### What this task involves
The lines below, from the one holding "2月6日,民盟梁山總支第三支" through the one holding "Who shall find a valiant woman?", are to be restated word for word, with all images left out.

### Data supplied
--- START ---

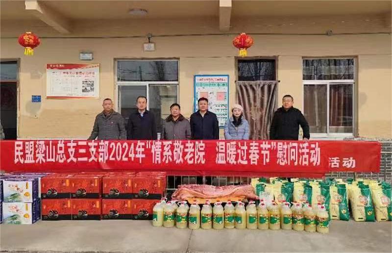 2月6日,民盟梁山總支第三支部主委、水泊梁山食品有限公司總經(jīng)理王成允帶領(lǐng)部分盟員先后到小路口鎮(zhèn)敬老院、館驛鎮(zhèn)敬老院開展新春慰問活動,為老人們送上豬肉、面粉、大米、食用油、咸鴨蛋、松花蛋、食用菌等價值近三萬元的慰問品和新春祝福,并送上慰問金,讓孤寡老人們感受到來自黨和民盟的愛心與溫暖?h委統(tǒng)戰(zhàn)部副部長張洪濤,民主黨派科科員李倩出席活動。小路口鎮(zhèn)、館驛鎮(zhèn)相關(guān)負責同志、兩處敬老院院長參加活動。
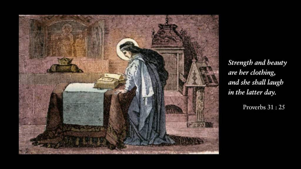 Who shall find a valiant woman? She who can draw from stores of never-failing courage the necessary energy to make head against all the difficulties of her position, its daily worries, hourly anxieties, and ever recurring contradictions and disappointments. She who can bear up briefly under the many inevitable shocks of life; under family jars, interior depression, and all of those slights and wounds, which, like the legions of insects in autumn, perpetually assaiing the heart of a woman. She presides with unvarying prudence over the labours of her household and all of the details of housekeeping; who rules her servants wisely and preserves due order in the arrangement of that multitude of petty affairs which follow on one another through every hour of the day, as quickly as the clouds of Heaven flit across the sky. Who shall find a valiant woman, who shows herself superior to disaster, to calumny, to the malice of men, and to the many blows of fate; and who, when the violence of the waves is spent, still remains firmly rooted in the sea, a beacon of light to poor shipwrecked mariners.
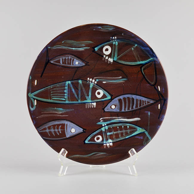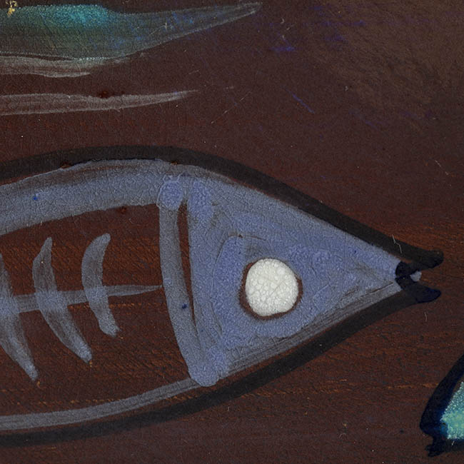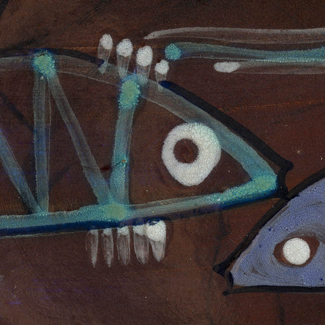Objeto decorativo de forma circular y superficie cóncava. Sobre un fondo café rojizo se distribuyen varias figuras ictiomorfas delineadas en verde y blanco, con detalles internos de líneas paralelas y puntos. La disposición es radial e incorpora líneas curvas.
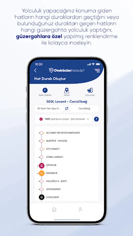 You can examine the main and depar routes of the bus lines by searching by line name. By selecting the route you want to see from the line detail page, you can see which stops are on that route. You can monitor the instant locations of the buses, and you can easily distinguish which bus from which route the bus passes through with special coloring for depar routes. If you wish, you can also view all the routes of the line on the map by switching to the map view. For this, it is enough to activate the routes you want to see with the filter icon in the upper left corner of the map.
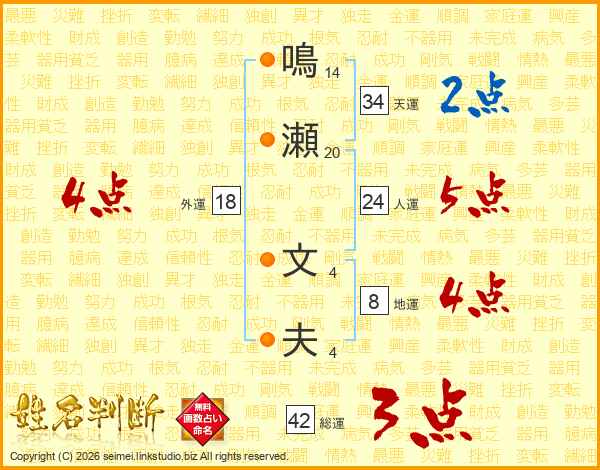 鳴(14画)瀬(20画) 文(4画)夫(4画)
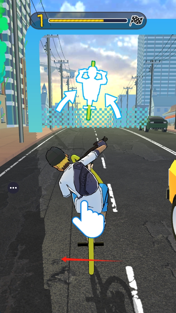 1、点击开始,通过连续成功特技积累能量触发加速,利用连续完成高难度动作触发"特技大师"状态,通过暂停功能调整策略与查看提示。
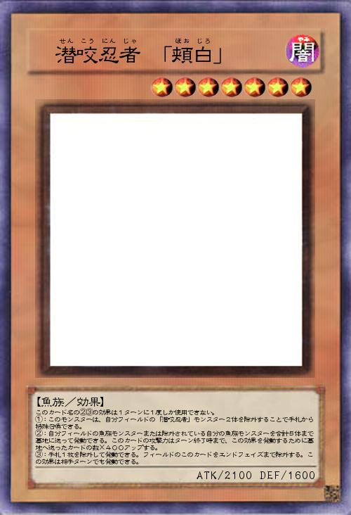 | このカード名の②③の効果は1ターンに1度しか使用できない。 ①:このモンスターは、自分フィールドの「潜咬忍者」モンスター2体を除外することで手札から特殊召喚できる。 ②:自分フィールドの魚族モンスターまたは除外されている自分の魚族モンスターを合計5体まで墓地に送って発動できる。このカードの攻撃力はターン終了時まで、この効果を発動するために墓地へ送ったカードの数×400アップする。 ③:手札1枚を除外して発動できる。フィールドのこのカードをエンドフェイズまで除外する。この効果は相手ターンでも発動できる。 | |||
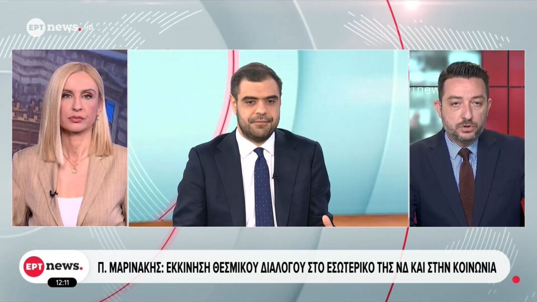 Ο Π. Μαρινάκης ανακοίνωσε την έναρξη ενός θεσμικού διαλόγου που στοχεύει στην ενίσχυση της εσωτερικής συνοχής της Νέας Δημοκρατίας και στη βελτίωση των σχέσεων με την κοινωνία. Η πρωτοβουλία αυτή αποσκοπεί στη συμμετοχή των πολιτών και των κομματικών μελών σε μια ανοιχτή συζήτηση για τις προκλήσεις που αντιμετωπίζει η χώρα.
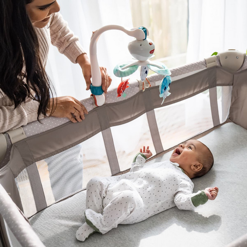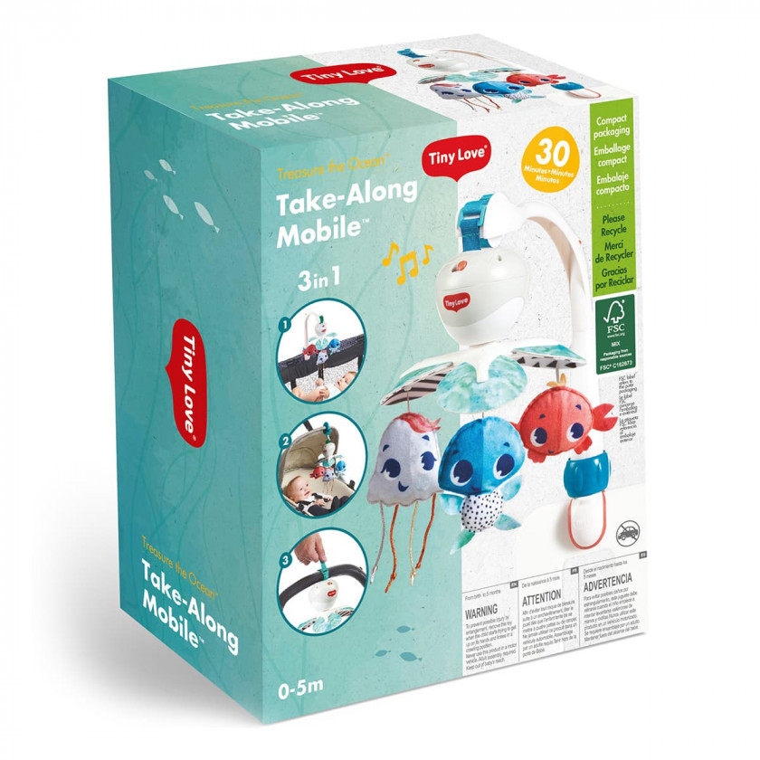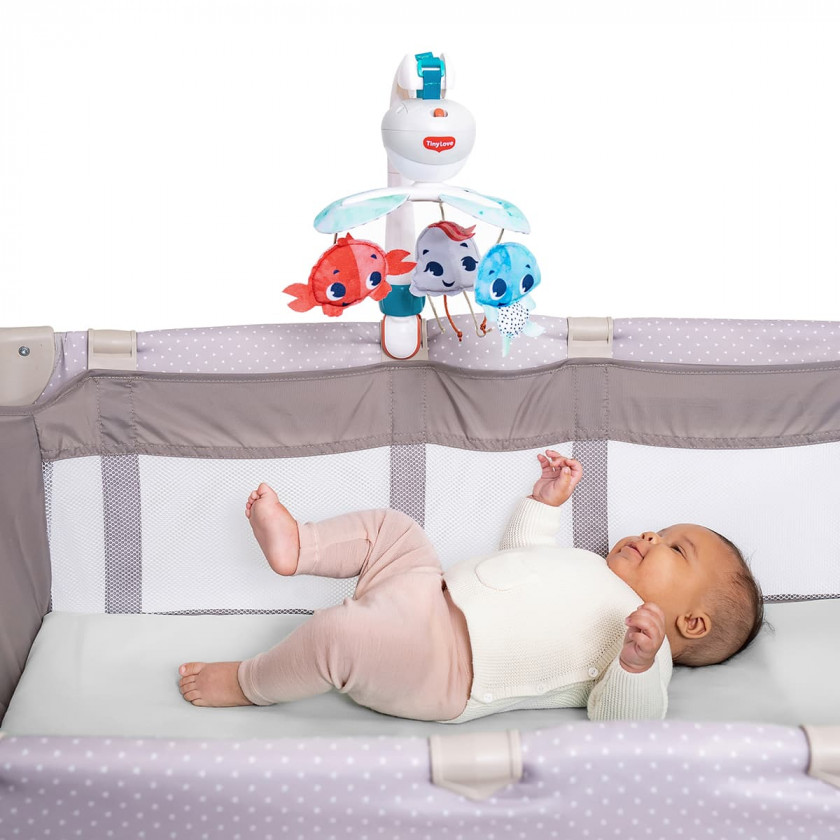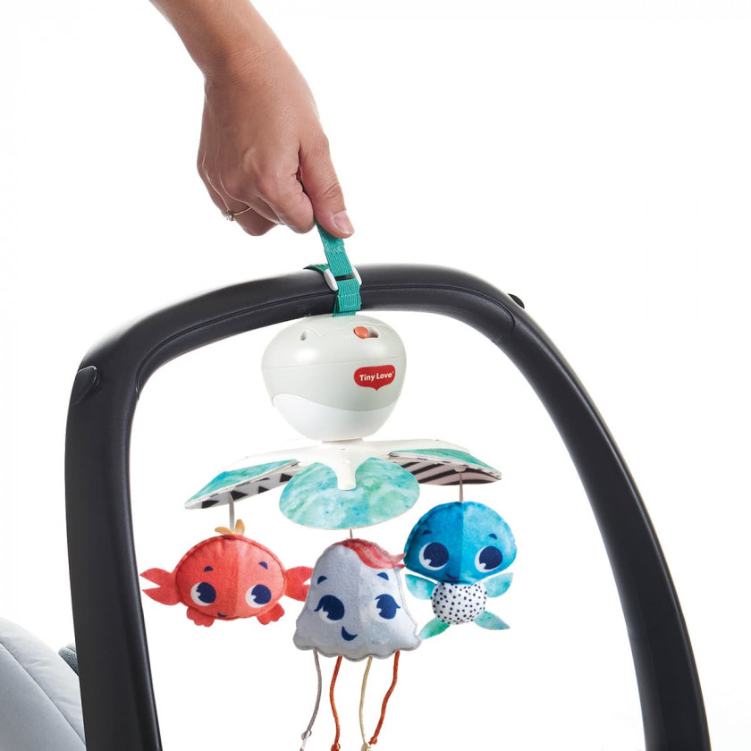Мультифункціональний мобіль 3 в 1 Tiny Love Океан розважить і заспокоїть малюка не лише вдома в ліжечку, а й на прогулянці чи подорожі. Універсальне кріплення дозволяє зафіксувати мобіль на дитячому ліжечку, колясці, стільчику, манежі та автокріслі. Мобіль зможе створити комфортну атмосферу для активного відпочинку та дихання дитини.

--- END ---
--- START ---

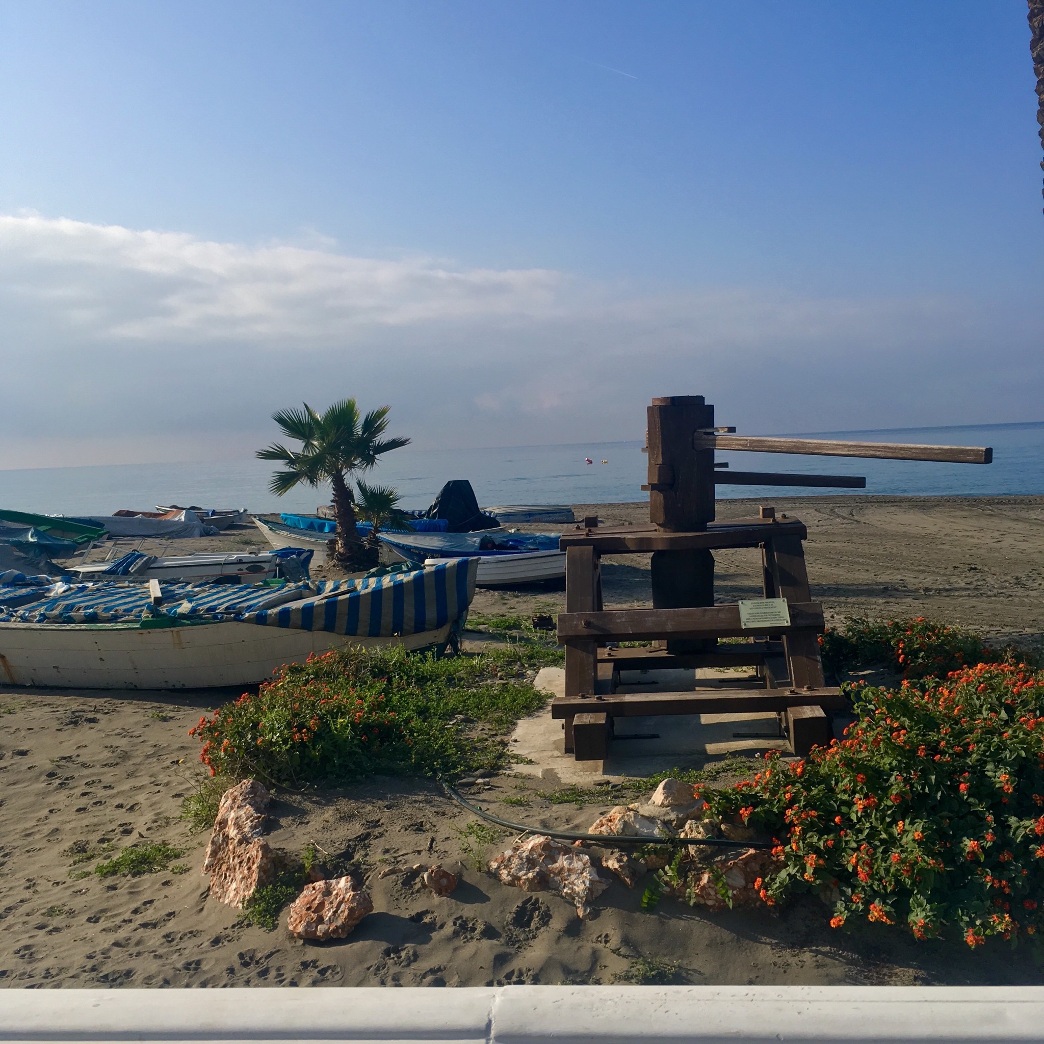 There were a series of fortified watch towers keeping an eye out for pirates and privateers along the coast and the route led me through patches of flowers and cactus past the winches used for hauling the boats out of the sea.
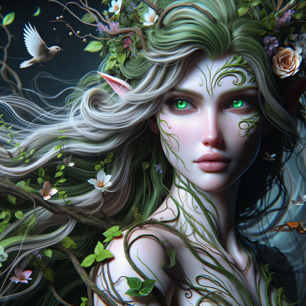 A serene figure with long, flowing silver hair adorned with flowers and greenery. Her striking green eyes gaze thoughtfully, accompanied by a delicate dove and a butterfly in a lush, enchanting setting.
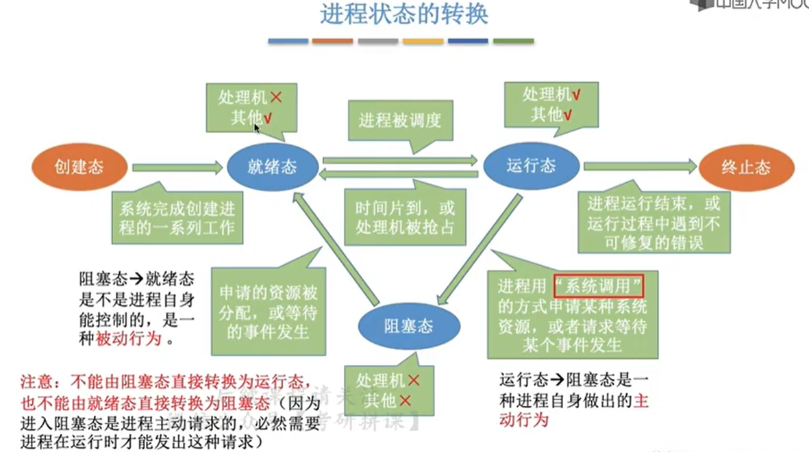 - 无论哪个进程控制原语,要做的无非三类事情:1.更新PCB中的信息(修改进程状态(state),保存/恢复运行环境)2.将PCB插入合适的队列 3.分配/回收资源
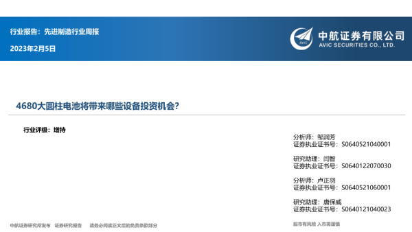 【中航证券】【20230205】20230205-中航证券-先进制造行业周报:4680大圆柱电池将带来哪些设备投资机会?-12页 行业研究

--- END ---
--- START ---

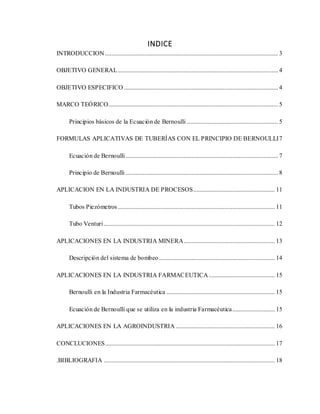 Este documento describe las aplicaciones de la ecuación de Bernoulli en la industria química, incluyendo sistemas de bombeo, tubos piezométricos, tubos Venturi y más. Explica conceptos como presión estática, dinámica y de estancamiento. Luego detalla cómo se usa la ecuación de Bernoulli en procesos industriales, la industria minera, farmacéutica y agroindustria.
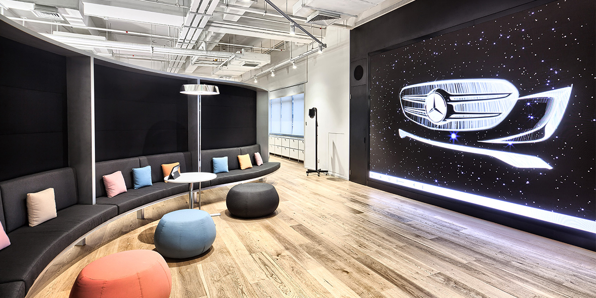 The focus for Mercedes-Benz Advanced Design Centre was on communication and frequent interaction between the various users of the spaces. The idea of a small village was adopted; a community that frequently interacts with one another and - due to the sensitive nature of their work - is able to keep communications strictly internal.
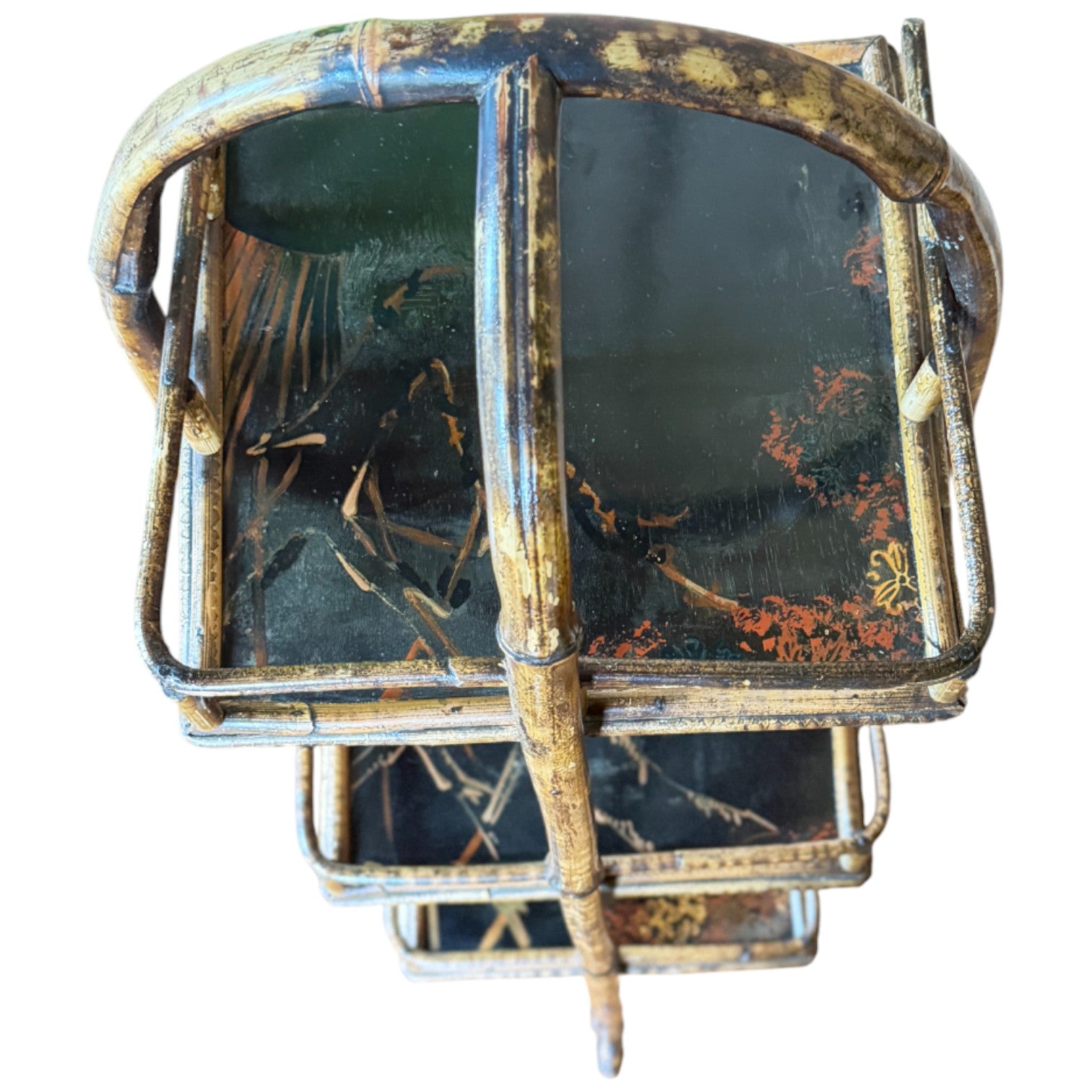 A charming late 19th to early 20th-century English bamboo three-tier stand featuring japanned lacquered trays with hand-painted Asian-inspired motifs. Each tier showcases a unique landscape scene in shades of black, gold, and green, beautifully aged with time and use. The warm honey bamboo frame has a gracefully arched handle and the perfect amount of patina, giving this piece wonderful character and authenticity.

--- END ---

### Task answer
 2月6日,民盟梁山總支第三支部主委、水泊梁山食品有限公司總經(jīng)理王成允帶領(lǐng)部分盟員先后到小路口鎮(zhèn)敬老院、館驛鎮(zhèn)敬老院開展新春慰問活動,為老人們送上豬肉、面粉、大米、食用油、咸鴨蛋、松花蛋、食用菌等價值近三萬元的慰問品和新春祝福,并送上慰問金,讓孤寡老人們感受到來自黨和民盟的愛心與溫暖?h委統(tǒng)戰(zhàn)部副部長張洪濤,民主黨派科科員李倩出席活動。小路口鎮(zhèn)、館驛鎮(zhèn)相關(guān)負責同志、兩處敬老院院長參加活動。
 Who shall find a valiant woman? She who can draw from stores of never-failing courage the necessary energy to make head against all the difficulties of her position, its daily worries, hourly anxieties, and ever recurring contradictions and disappointments. She who can bear up briefly under the many inevitable shocks of life; under family jars, interior depression, and all of those slights and wounds, which, like the legions of insects in autumn, perpetually assaiing the heart of a woman. She presides with unvarying prudence over the labours of her household and all of the details of housekeeping; who rules her servants wisely and preserves due order in the arrangement of that multitude of petty affairs which follow on one another through every hour of the day, as quickly as the clouds of Heaven flit across the sky. Who shall find a valiant woman, who shows herself superior to disaster, to calumny, to the malice of men, and to the many blows of fate; and who, when the violence of the waves is spent, still remains firmly rooted in the sea, a beacon of light to poor shipwrecked mariners.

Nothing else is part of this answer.